Search code examples
c#web-scrapingscrapysharp

How to find the form in scrapysharp when it only has attributes i.e. no name or id


I am new to scrapySharp as well as web scraping. I am trying to scrape a site that is secured and has a login screen. The form element does not have a name/id attribute, thus making my life more complicated. I have been unable to figure out how to load the form using the code below.

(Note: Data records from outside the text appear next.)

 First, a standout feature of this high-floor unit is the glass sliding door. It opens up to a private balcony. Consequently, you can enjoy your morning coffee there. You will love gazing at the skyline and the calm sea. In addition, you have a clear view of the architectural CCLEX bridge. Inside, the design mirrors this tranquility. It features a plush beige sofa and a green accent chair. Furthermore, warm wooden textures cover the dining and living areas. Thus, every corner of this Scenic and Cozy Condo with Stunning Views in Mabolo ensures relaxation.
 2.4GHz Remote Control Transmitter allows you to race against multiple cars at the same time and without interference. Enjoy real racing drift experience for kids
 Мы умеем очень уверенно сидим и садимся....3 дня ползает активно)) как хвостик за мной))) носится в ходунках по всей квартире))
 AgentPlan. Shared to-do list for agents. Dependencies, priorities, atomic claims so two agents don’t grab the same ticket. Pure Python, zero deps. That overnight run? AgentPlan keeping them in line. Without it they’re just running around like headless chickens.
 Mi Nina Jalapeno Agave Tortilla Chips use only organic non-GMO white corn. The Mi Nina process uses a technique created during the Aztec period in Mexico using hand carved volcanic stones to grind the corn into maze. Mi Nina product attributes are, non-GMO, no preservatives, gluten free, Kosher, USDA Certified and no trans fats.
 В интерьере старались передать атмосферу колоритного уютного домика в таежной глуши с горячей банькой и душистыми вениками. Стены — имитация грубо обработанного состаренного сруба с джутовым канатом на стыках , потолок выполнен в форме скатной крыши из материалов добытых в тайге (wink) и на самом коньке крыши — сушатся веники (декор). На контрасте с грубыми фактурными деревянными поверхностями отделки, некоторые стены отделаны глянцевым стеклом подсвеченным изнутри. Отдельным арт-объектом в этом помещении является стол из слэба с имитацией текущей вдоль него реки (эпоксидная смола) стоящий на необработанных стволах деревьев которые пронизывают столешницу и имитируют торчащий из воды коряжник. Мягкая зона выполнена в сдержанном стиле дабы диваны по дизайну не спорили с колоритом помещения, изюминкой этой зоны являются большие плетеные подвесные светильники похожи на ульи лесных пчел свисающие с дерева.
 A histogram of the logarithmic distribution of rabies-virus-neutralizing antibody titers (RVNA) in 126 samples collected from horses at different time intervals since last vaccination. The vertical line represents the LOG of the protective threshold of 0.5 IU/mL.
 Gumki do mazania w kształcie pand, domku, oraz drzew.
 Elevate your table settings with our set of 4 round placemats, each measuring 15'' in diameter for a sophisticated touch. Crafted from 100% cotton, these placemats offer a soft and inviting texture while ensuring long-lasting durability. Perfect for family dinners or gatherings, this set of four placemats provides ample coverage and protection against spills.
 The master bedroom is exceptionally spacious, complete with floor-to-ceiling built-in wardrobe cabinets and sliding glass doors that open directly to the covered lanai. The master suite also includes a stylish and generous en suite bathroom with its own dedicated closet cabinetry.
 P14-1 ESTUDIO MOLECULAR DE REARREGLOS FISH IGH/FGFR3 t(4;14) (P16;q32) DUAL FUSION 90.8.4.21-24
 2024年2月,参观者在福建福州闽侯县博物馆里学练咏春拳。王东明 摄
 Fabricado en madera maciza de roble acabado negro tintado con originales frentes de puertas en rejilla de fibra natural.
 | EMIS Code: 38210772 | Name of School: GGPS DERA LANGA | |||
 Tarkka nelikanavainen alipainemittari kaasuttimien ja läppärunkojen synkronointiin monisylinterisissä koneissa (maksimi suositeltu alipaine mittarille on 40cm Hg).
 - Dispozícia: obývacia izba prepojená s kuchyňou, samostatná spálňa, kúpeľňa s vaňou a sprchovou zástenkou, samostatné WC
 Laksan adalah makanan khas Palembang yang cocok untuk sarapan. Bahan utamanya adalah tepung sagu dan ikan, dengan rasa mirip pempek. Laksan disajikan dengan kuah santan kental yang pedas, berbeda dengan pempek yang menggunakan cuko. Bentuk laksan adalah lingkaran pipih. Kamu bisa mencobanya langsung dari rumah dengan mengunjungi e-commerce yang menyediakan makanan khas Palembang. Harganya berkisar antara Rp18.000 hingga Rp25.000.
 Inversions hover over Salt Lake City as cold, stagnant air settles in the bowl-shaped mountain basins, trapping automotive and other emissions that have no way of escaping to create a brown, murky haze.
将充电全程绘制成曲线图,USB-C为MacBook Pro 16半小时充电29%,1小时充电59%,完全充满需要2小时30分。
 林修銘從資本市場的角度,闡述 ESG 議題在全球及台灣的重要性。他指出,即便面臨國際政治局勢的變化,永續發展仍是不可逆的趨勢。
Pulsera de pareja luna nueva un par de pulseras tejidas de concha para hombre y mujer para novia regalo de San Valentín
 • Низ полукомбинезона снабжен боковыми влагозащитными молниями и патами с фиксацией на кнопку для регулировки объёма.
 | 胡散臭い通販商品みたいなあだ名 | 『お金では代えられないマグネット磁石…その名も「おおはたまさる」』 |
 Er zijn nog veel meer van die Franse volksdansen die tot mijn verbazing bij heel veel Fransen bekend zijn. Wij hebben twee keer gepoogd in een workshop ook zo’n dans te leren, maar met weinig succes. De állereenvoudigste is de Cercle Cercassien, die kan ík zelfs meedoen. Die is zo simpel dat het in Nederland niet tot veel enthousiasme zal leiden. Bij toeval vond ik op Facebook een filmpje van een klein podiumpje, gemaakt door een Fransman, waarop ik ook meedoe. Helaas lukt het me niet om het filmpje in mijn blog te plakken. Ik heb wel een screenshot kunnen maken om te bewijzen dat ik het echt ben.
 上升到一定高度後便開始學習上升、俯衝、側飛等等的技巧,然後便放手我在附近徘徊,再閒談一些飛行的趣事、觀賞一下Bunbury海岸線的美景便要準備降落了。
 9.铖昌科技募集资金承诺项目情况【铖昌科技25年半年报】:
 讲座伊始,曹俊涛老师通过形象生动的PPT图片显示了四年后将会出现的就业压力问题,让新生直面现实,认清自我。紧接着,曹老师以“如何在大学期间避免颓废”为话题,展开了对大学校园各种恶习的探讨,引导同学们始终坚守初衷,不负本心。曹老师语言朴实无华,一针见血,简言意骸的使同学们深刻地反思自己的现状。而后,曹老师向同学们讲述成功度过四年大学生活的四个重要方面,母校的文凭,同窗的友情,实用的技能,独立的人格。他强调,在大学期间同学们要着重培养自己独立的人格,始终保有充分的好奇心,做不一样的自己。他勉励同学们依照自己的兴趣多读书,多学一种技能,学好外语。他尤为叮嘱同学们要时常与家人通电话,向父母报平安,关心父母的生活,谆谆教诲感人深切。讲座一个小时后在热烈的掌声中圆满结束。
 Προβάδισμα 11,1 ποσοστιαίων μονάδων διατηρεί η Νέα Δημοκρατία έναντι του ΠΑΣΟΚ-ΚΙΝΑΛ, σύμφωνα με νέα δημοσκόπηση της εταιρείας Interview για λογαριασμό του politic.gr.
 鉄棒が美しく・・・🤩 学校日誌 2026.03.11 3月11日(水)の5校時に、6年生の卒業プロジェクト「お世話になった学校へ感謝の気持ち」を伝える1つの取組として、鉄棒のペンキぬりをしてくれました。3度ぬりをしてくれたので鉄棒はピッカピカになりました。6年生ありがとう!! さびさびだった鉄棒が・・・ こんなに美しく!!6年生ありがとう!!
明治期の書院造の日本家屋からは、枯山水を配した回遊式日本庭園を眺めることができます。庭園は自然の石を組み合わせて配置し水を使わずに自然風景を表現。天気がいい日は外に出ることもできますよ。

Any insight is greatly appreciated!

C#:

ScrapingBrowser browser = new ScrapingBrowser();
var homepage = browser.NavigateToPage(new Uri("https://somedomain.com/ProviderLogin.action/"));
var form1 = homepage.Find("form", ScrapySharp.Html.By.Text("form"));
var form2 = homepage.FindFormById("form[action='provider-login']");

HTML:

   <form action="provider-login" method="post">           
        <div class="login-box">   
            <input type="text" name="username" id="username" autocomplete="false" placeholder="Username" 
                   class="form-control input-lg login-input login-input-username" value="" />                   
            <input type="password" id="password" name="password" placeholder="Password" type="password"
             class="form-control input-lg login-input login-input-password" />
            <button name="login" type="submit" class="btn btn-primary btn-block btn-md login-btn" >
                Login
            </button>            
        </div>
    </form>

Solution

  • You can't achieve that using in ScrapySharp using the "By" since it has just four "Element Search Kinds" :

    {
       Text,
       Id,
       Name,
       Class
    }
    

    In your case, you don't have one of them so consider to use "CssSelect" instead to achieve your purpose :

    var form = homepage.Html.CssSelect("form[action='provider-login']");
    //Or
    var form = homepage.Html.CssSelect("form[action*='provider-login']");